## SOURCE DATA

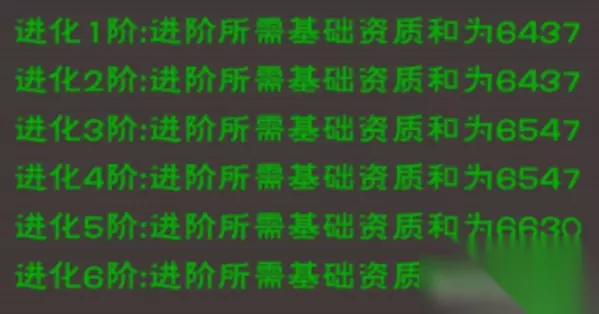 进阶资质要求:基础资质=(生命初始资质+攻击初始资质)×1000
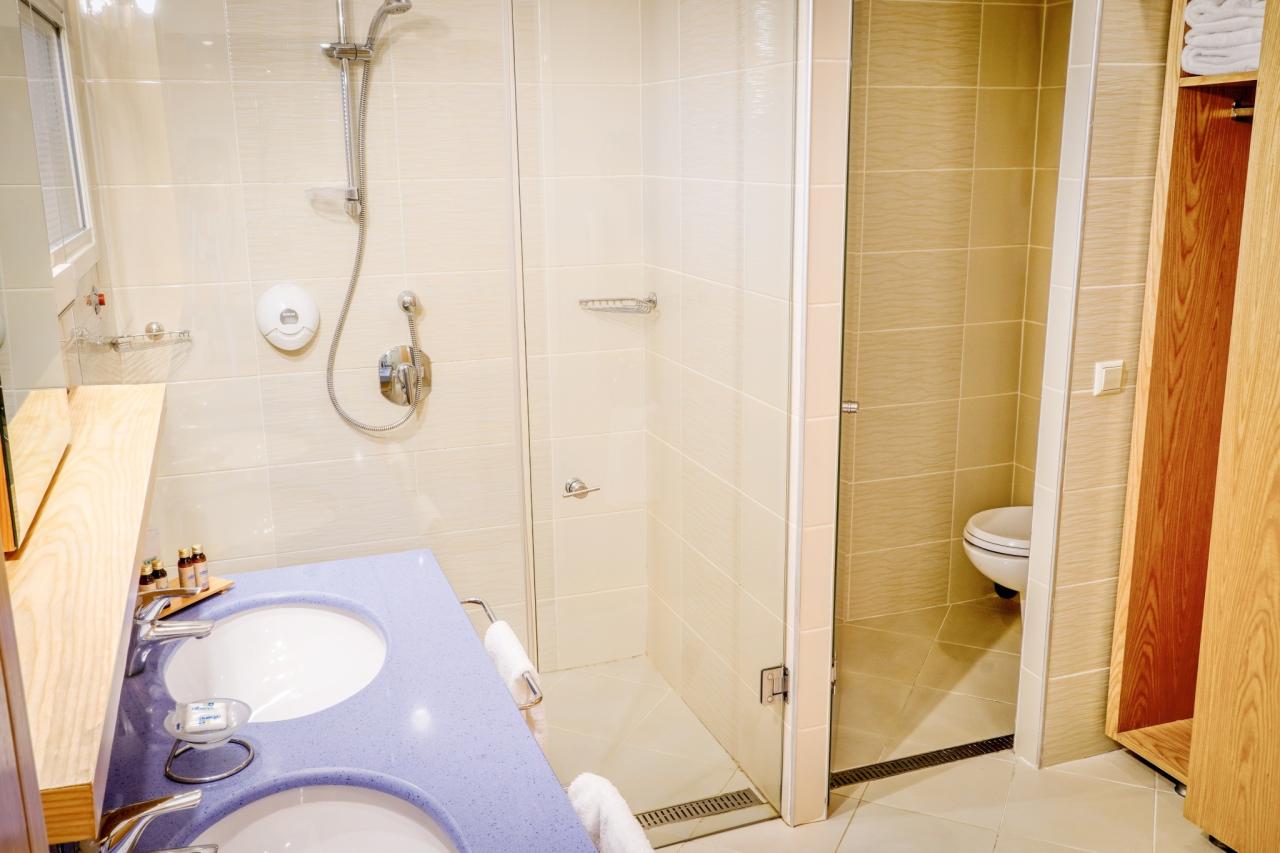Dvoulůžkový pokoj, Boční výhled moře: klimatizace, telefon (za poplatek), TV, minibar (první naplnění zdarma), trezor (za poplatek), koupelna/WC (vysoušeč vlasů), balkon
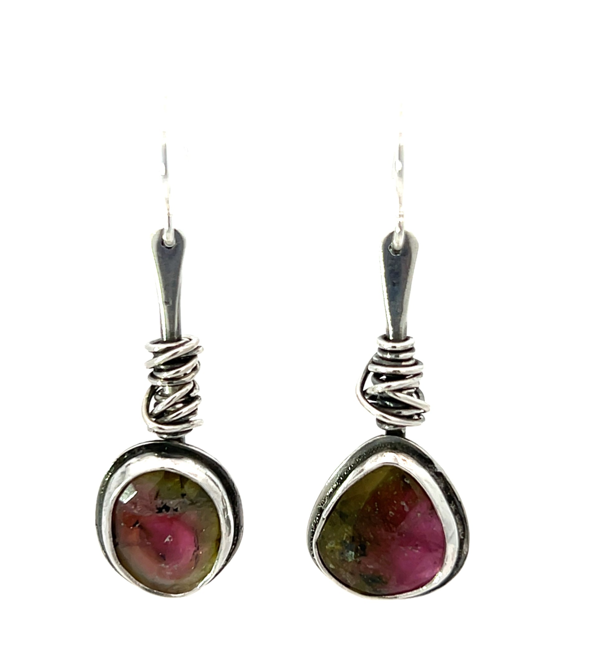 These new wire wrapped drop earrings showcase a pair of gemmy rose cut watermelon tourmalines. They are a one of a kind design.
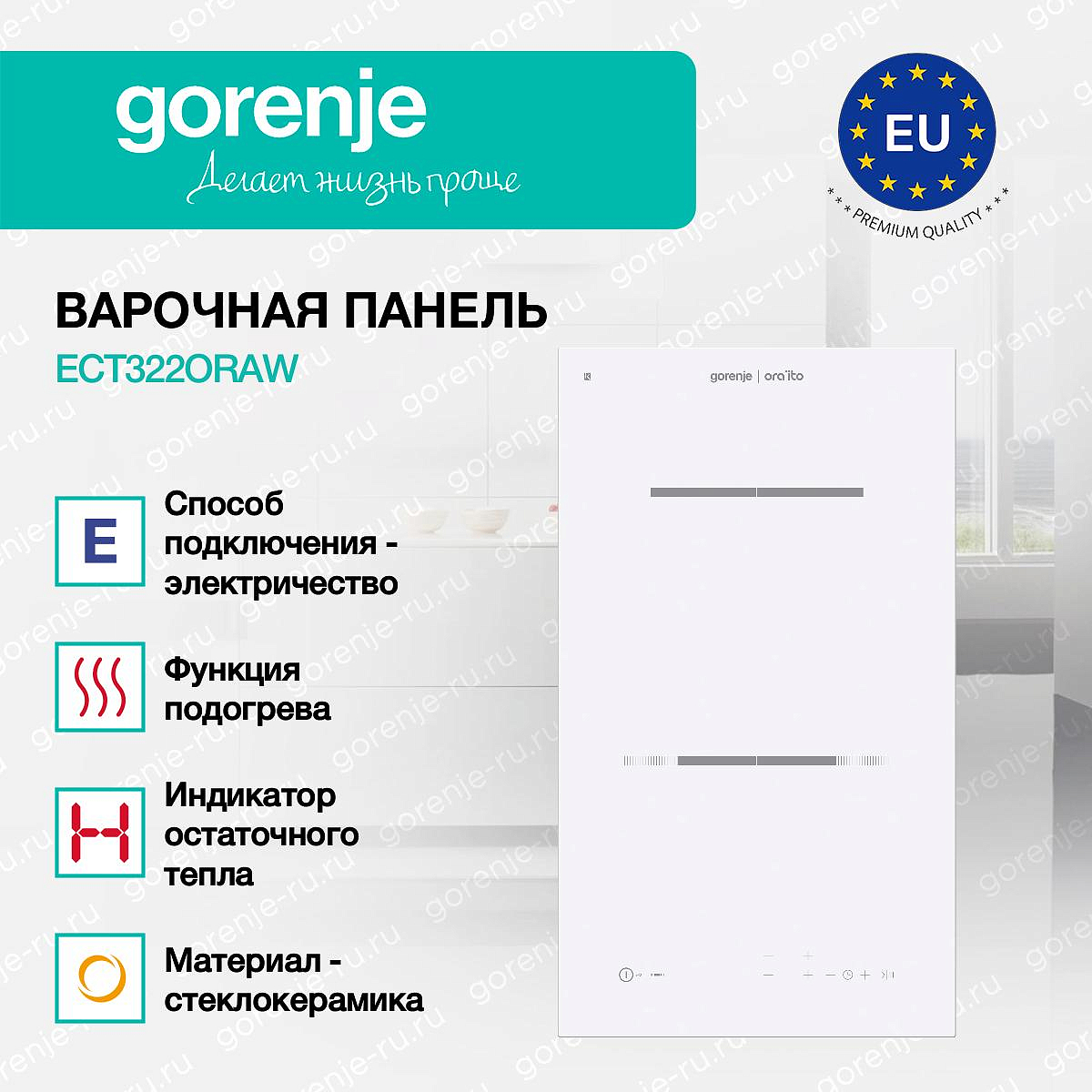 ** Все информационные материалы, представленные на Сайте, носят справочный характер и не могут в полной мере передавать достоверную информацию о свойствах, комплектации и характеристиках товара, включая цвета, размеры и формы. Фирма-производитель оставляет за собой право на внесение изменений в конструкцию, дизайн и комплектацию товара без предварительного уведомления. Перед оформлением Заказа Покупатель должен обратиться к Продавцу для уточнения свойств и характеристик Товара. Подробная информация о товаре указывается в инструкции и на упаковке товара. Используемое название в России: Горенье ECT322ORAW

## THE TASK
Using the listing above, copy every line from the line containing "Dvoulůžkový pokoj, Boční" through the last one, both included, and no other lines. Pictures stay out.

## SOLUTION BELOW
Dvoulůžkový pokoj, Boční výhled moře: klimatizace, telefon (za poplatek), TV, minibar (první naplnění zdarma), trezor (za poplatek), koupelna/WC (vysoušeč vlasů), balkon
 These new wire wrapped drop earrings showcase a pair of gemmy rose cut watermelon tourmalines. They are a one of a kind design.
 ** Все информационные материалы, представленные на Сайте, носят справочный характер и не могут в полной мере передавать достоверную информацию о свойствах, комплектации и характеристиках товара, включая цвета, размеры и формы. Фирма-производитель оставляет за собой право на внесение изменений в конструкцию, дизайн и комплектацию товара без предварительного уведомления. Перед оформлением Заказа Покупатель должен обратиться к Продавцу для уточнения свойств и характеристик Товара. Подробная информация о товаре указывается в инструкции и на упаковке товара. Используемое название в России: Горенье ECT322ORAW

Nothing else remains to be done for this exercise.